> _Input data_
....

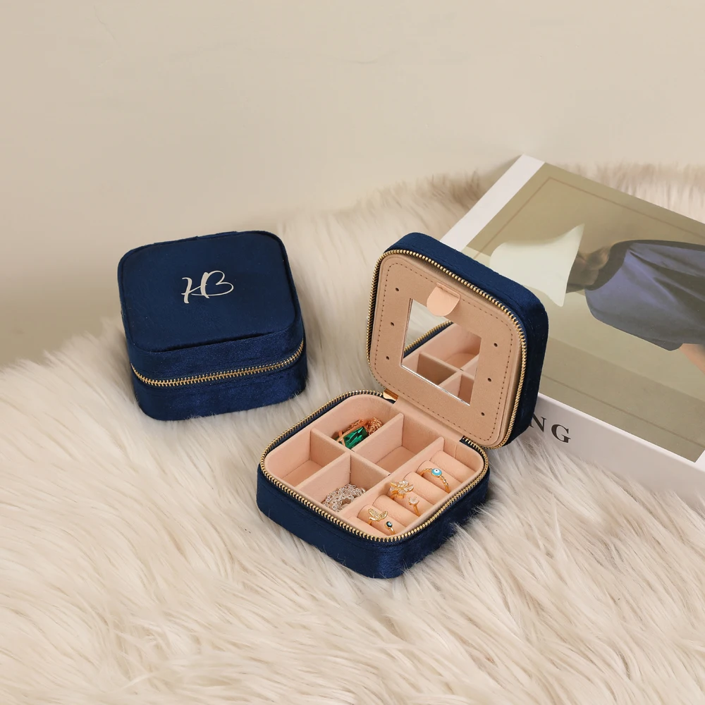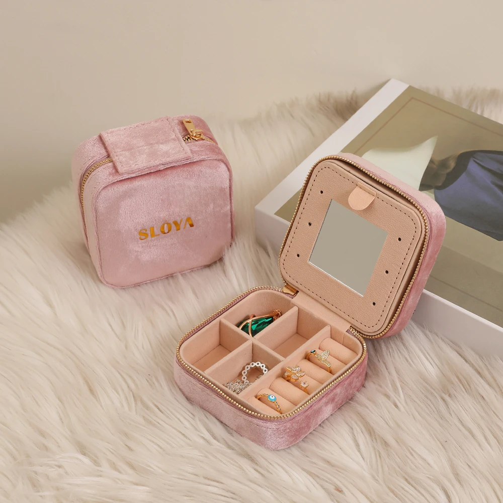 Wholesale Velvet Travel Jewelry Box Organizer Custom Leather Earring Ring Necklace Jewellery Case With Mirror
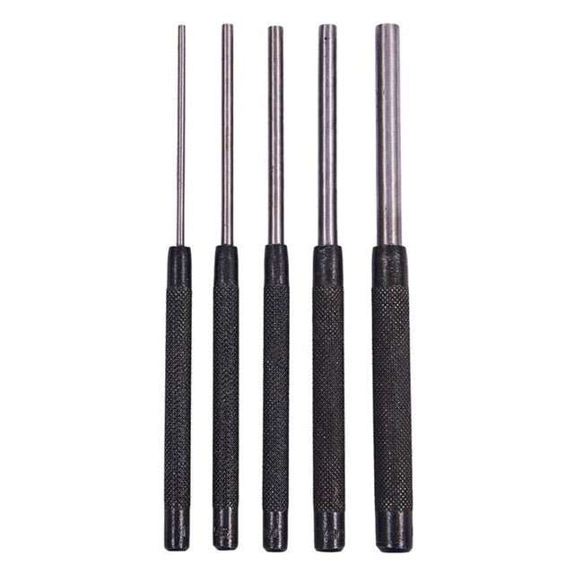 DURABLE: This parallel pin punch set is made from strong, heat treated carbon steel for durability. EASY TO USE: They have non-slip grips with knurled handles for ease of use. SIZES: 200mm (8") in length, the set includes sizes 1/8", 3/16", 1/4", 5/16" and 3/8".
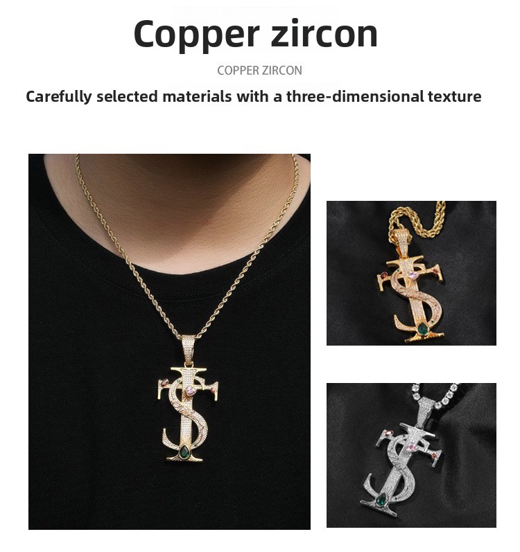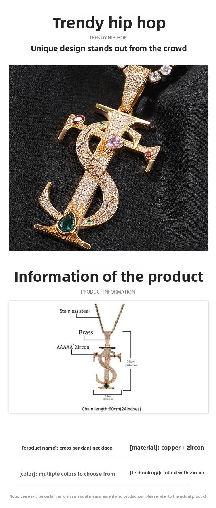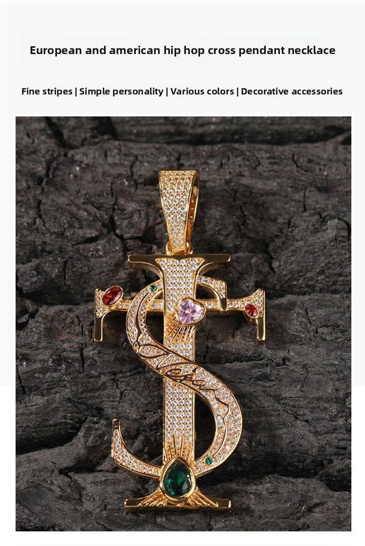 European and American fashion TS cross pendant necklace men's trendy versatile copper inlaid with colored zircon hip hop hipster same accessories
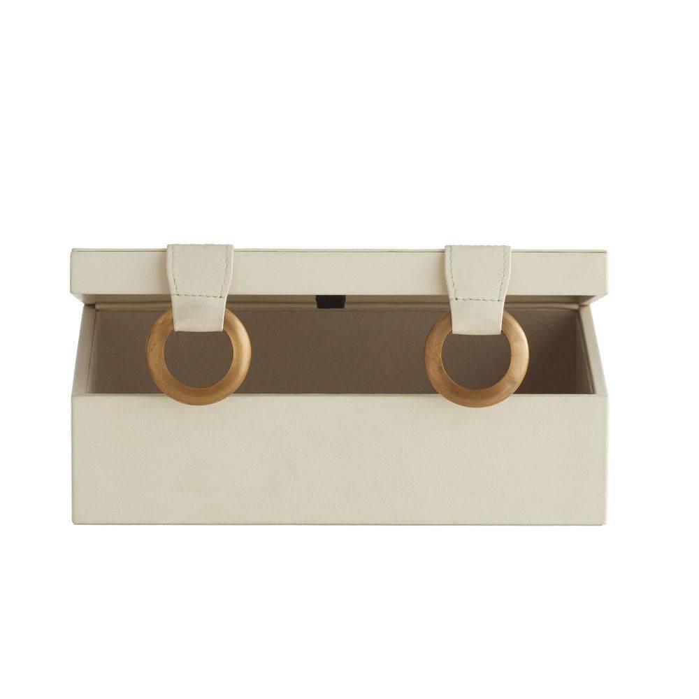 This equestrian keepsake box possesses a tailored balance of masculine and feminine styles. Made of ivory leather with a sumptuous suede interior, it features a hinged lid and is accented with double harness straps finished with antique brass pulls. Finish will vary.

....

> _How to complete this task_
Repeat the data exactly as written, but without the pictures.

> _Written answer_
 Wholesale Velvet Travel Jewelry Box Organizer Custom Leather Earring Ring Necklace Jewellery Case With Mirror
 DURABLE: This parallel pin punch set is made from strong, heat treated carbon steel for durability. EASY TO USE: They have non-slip grips with knurled handles for ease of use. SIZES: 200mm (8") in length, the set includes sizes 1/8", 3/16", 1/4", 5/16" and 3/8".
 European and American fashion TS cross pendant necklace men's trendy versatile copper inlaid with colored zircon hip hop hipster same accessories
 This equestrian keepsake box possesses a tailored balance of masculine and feminine styles. Made of ivory leather with a sumptuous suede interior, it features a hinged lid and is accented with double harness straps finished with antique brass pulls. Finish will vary.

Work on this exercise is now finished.